Bateria
Akumulator to chyba pierwszy element tego smartfona, gdzie mogę mówić o lekkim rozczarowaniu. Co prawda bateria o pojemności 3080 mAh to w sumie taki standard, ale w przypadku tego producenta wydaje się krokiem wstecz, ponieważ jeszcze nie tak dawno Xiaomi upychało do mniejszych modeli ponad 4000 mAh (patrz Redmi 4). Do tego trzeba wziąć pod uwagę sporych rozmiarów wyświetlacz o rozdzielczości Full HD, który przekłada się na szybsze umykanie procentów z akumulatora.

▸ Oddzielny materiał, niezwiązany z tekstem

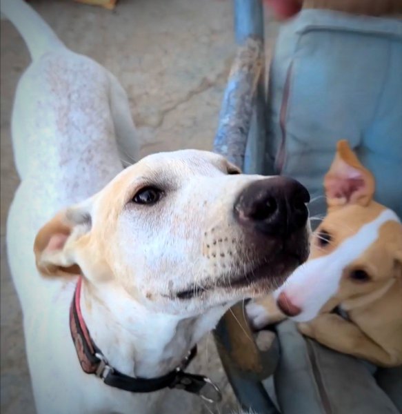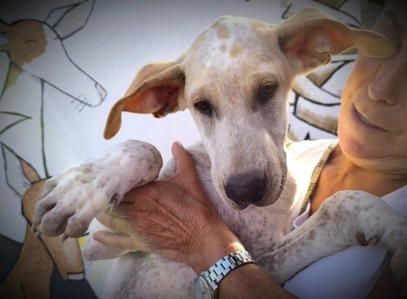 Eenmaal in het dorp merkten we dat deze schat zeker nog begeleiding zal nodig hebben om die grote buitenwereld te ontdekken. Verkeer, drukte, lawaai, dat was toch wel veel opeens. Jules is natuurlijk alleen de finca gewend. Dit is zeker niet niks want hij heeft de beste socialisatie gehad met elk type honden en kent hierdoor de hondentaal als de beste. Jules kan met alles en iedereen goed. Mensen, groot en klein, maar ook heel veel dieren kent hij en is hij gewoon: katten, fretten, schapen, paarden, ezels... Super gewoon!
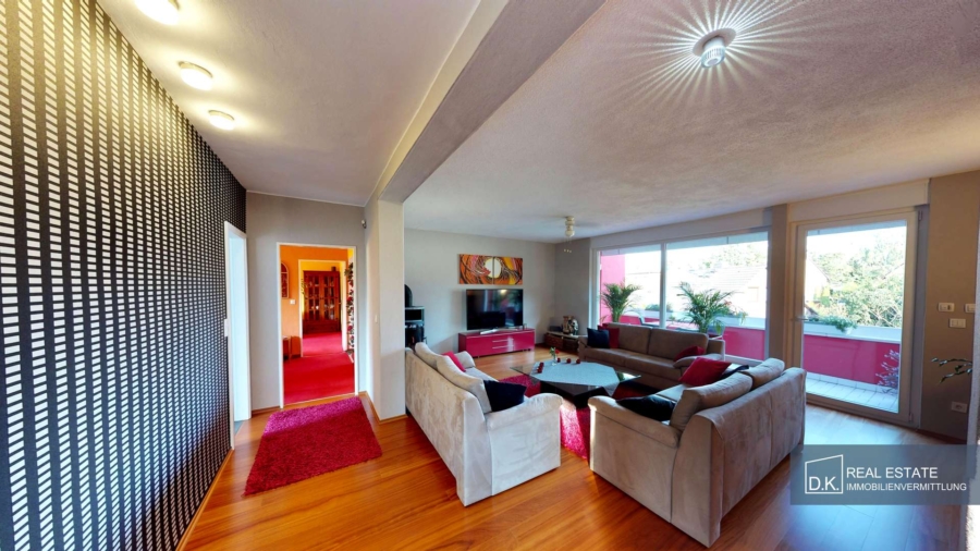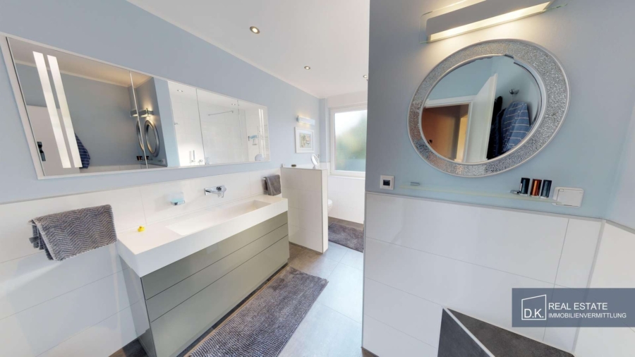 Modern durchdacht und ausgestattet ist auch das Hausinnere. Der Hauptwohnraum (das Obergeschoss) wurde liebevoll eingerichtet. Insgesamt umfasst das OG fünf Zimmer, ein Hauptbadezimmer und eine Küche sowie einen gemütlichen Balkon (12m²), welcher vom Wohn- und Schlafzimmer begehbar ist und zu entspannenden Momenten einlädt. Das Badezimmer, sowie die Küche sind modern-luxuriös ausgestattet.
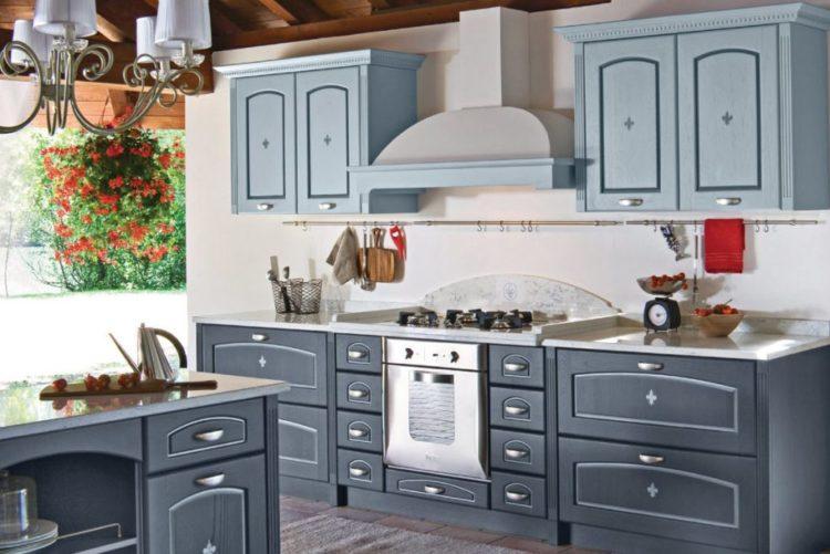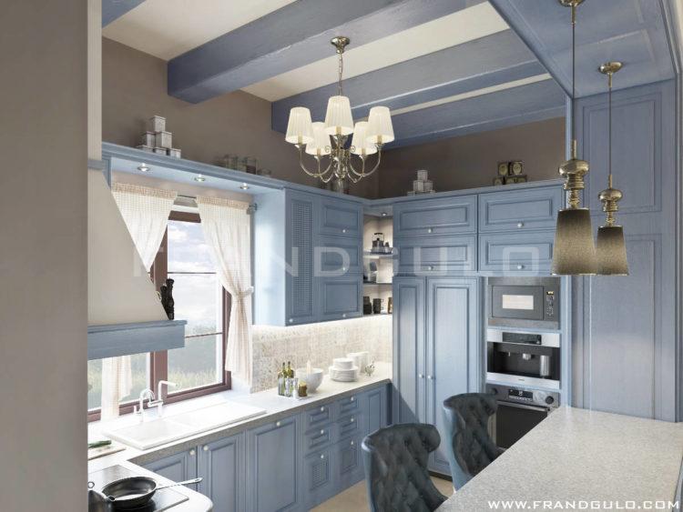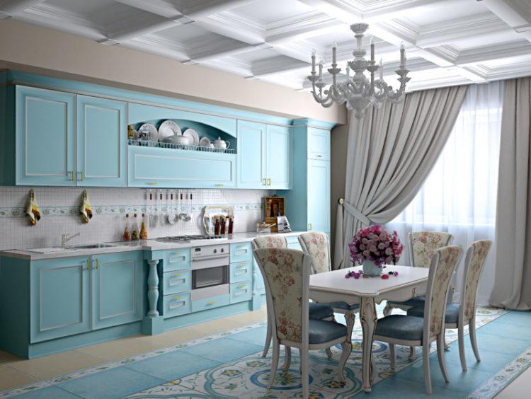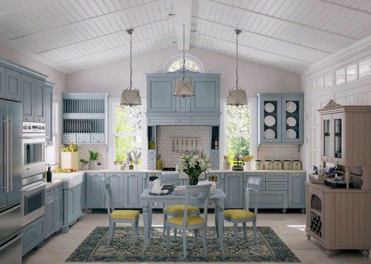 El diseño de la cocina en estilo provenzal en tonos azules no se puede ver con tanta frecuencia como en colores fríos más claros y suaves. Sin embargo, este color, tan similar al color del mar, es bastante apropiado en el diseño de dicho interior. Es cierto que es mejor no usarlo en cocinas sombreadas y, además, pequeñas, ya que el azul no solo hará que la habitación sea aún más oscura, sino que también la reducirá visualmente. Los diseñadores aconsejan agregar un tono lavanda al diseño de la cocina de este estilo, por ejemplo, para comprar muebles de un color similar o usar papel tapiz en el estilo provenzal para la cocina. Estilo provenzal en el interior de la foto de la cocina:
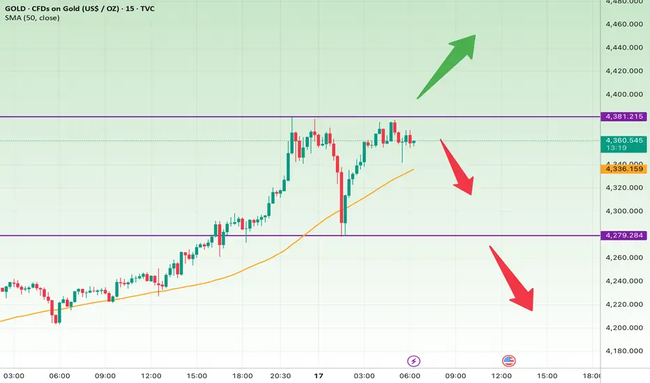 On the 15-minute gold chart, price is testing the key resistance around $4,381. This level has acted as a ceiling several times, suggesting strong selling pressure. The 50-period SMA at $4,234 still supports the broader uptrend, but momentum appears to be weakening near resistance.
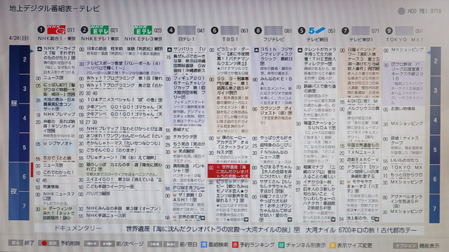 ZT2200の番組表。白バックに黒い文字、淡いジャンル別表示の色彩など見やすい画面に仕上がっている。番組を選択するとセルの中に比較的詳しく番組情報が表示されるほか、番組表のすぐ下にある横一列のボックスにまた詳しい番組情報が表示される
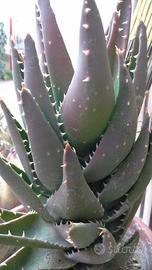Vendo pianta grassa sottospecie aloe. Ne possiedo una alta 70 cm che si moltiplica annualmente (ultima foto). Per questo ne ho diverse, sono molto facili da accudire, non necessitano di molte cure e poca acqua, sono le piante ideali per le prossime estati. Io te ne propongo una alta circa 20 cm dal suolo più radici che ti spedisco confezionata col suo terriccio in un involto di tessuto, avvolta in carta in una scatola di cartone. E' una pianta robusta e può affrontare benissimo il viaggio. Una volta nella sua nuova casa non dovrai far altro che scartarla con cura e interrarla in un vaso possibilmente di terracotta fino alla foglie verdi. Non innaffiare per i primi 3 giorni. Questa è la stagione giusta per il rinvaso. In estate fiorisce pure.
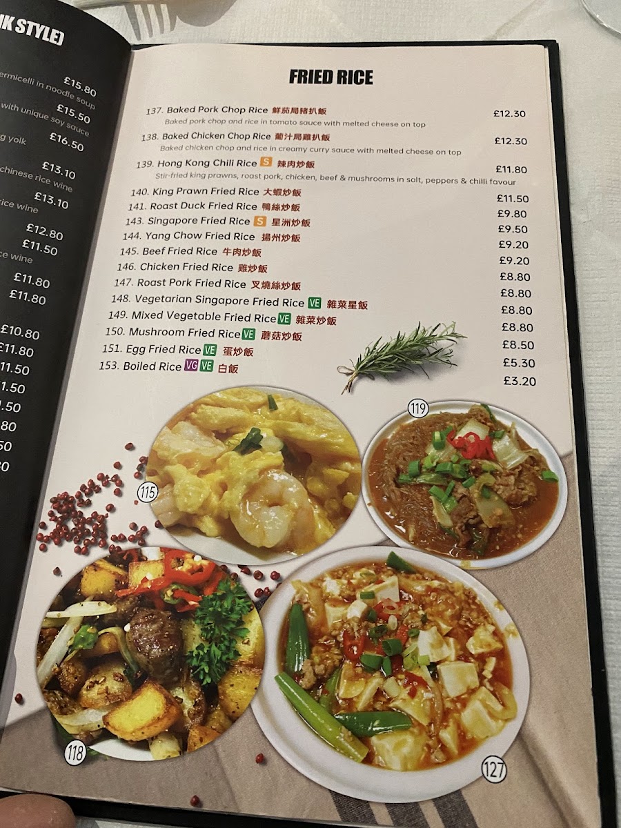 King Prawn Fried Rice with egg, peas, and spring onion.
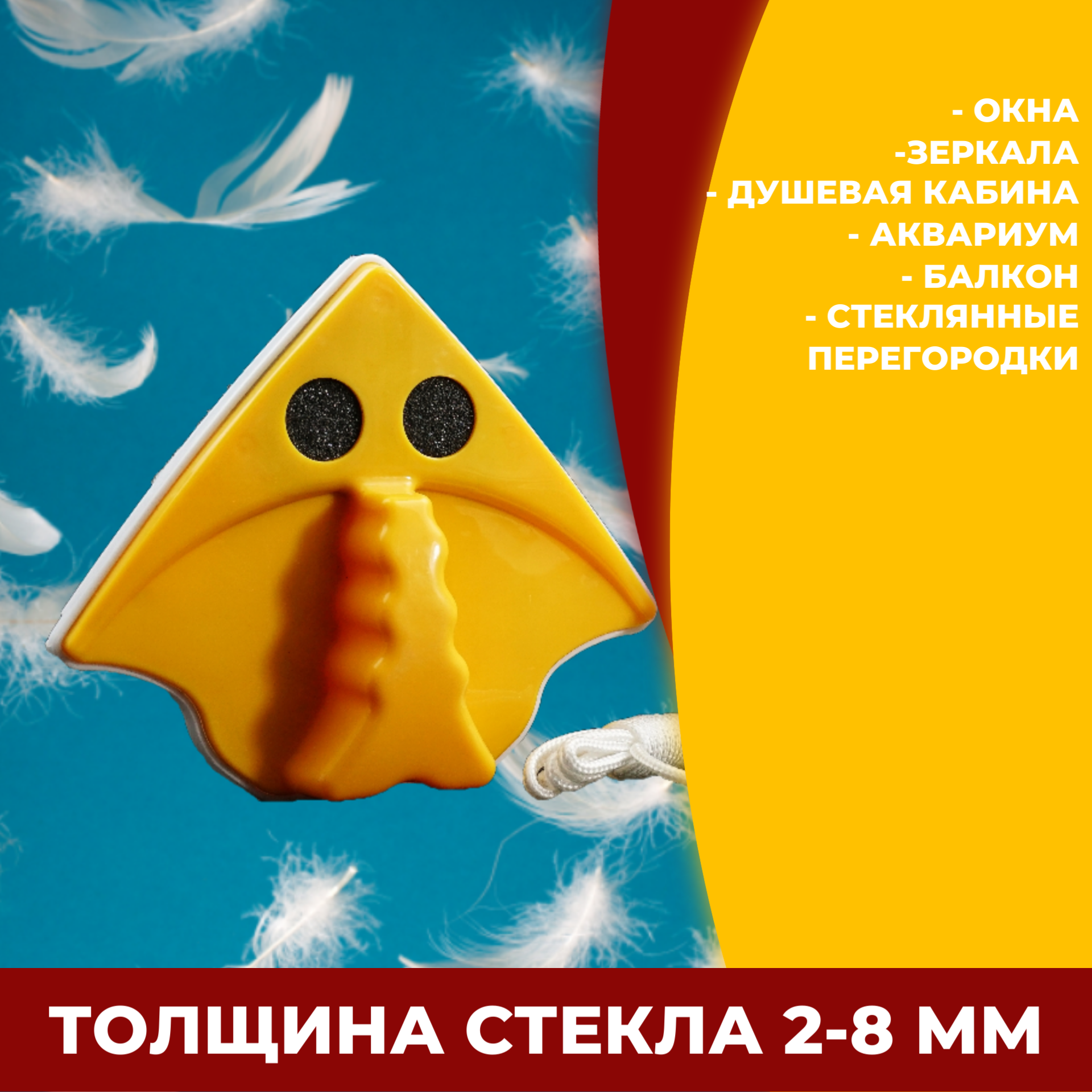 Магнитная щетка для мытья окон балкона / Стекломой окномойка / Скребок на магните для стекла

W gruncie rzeczy cały dzień pracy na jednym ładowaniu (jeśli będziemy bardziej oszczędni to nawet 1,5 do 2 dni) nie jest może złym wynikiem, ale oczekiwania w tym zakresie były zdecydowanie większe. Mnie udawało się wyciągnąć jakieś 5,5 godziny SoT (pracy na włączonym wyświetlaczu), gdzie korzystałem z LTE, Wi-Fi, słuchałem muzyki, oglądałem nieco filmów i przeglądałem Internet. Sytuację można było poprawić funkcją szybkiego ładowania i chociaż zastosowany Snapdragon wspiera taką technologię, to chiński producent nie zdecydował się na jej implementację (zupełnie niezrozumiały ruch), przez co pełne naładowanie baterii wymaga poświęcenia ok. 2 godzin.
Osprzęt i łączności
Przyszła pora przyjrzeć się kilku dodatkowym komponentom, które w mniejszym stopniu, ale wpływają na odbiór całości. I tak, czytnik linii papilarnych działa bez zarzutu, praktycznie zawsze identyfikując nasze odciski i choć może nie jest to najszybszy skaner, to nie można narzekać na ten aspekt. Poza tym czytnikowi możemy przypisać gest przesunięcia palca, który umożliwia wysunięcie paska powiadomień. Pochwalić trzeba także obsługę akcesoriów OTG. Pozytywnie wypadają też kwestie audio, ponieważ głośnik multimedialny gra dobrze - spodziewałem się tu typowego spłaszczonego i zniekształconego dźwięku, a tymczasem oferowana przez niego jakość jest naprawdę znośna (choć przydałoby się więcej basów), przez co oglądanie filmów przy jego udziale wypada naprawdę dobrze. Do muzyki rekomenduję jednak dobre słuchawki, tym bardziej, że gniazdo słuchawkowe także nie zawodzi i choć nie jest to poziom modeli z dedykowanymi DAC wysokiej klasy, to jednak powinien zadowolić większość użytkowników. Głośnik do rozmów także bardzo dobrze realizuje powierzone mu zadanie i nie sprawia żadnych problemów.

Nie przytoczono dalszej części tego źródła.